==== Extracted material
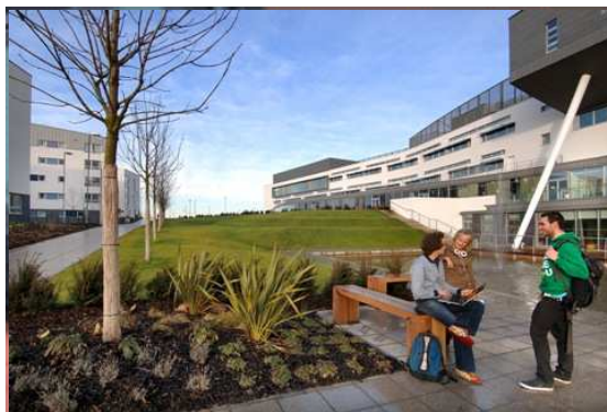
We visited Queen Margaret University Campus http://www.qmu.ac.uk/the_university/new_campus.htm

This offer is open to personal members of CILIP who live or work in the UC&RG (Northern) region or to University of Northumbria students on a library course, who would be first time attendees of the conference.
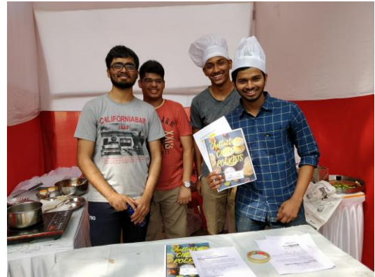
Participants at Chefpreneur
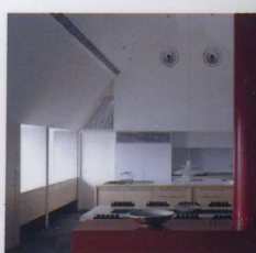
Glenn Murcutt: House in Southern Highlands
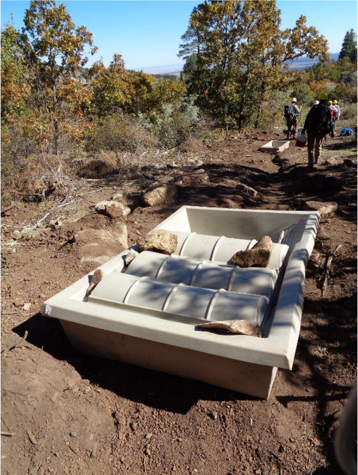
A new wildlife rain collector and drinker were installed at the Barro site in the fall of 2019.
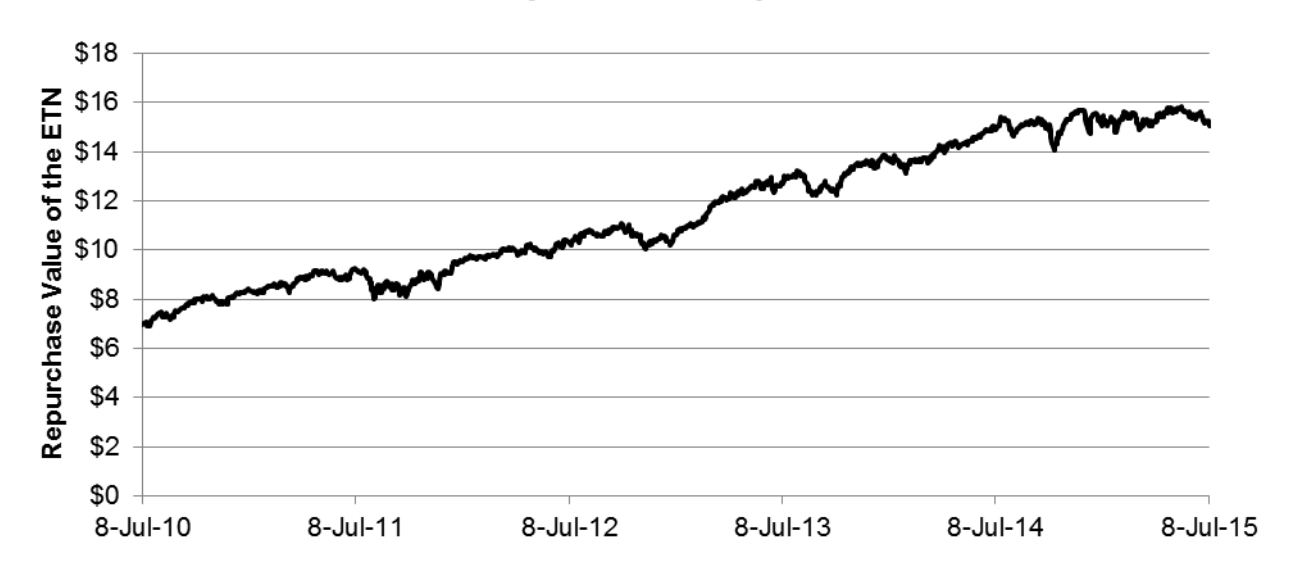
Historical Performance of the ELEMENTS<sup>SM</sup> - "Dogs of the Dow" from July 8, 2010 to July 8, 2015

The Securities are linked to the performance of the Dow Jones High Yield Select 10 Total Return Index SM. Publication of the Dow Jones High Yield Select 10 Total Return Index SM began on August 27, 2007. No actual investment in securities linked to the Dow Jones High Yield Select 10 Total Return Index SM was possible prior to August 27, 2007. The following graph sets out the historical performance of the Securities from July 8, 2010 to July 8, 2015. The historical performance of the Securities shown below reflect the daily repurchase values of the Securities calculated on each trading day from July 8, 2010 to July 8, 2015 and do not reflect the actual trading prices of the Securities. The graph below does not represent the actual return you should expect to receive on the Securities. Historical performance of the Securities is not indicative of future performance of your investment in the Securities. The Securities do not guarantee any return of, or on, your initial investment. Any payment at maturity or upon earlier repurchase is subject to our ability to satisfy our obligations as they become due.
========
Only lines containing the string "University" are needed. Pull each of them out of the records above.

*Completed task*:
We visited Queen Margaret University Campus http://www.qmu.ac.uk/the_university/new_campus.htm
This offer is open to personal members of CILIP who live or work in the UC&RG (Northern) region or to University of Northumbria students on a library course, who would be first time attendees of the conference.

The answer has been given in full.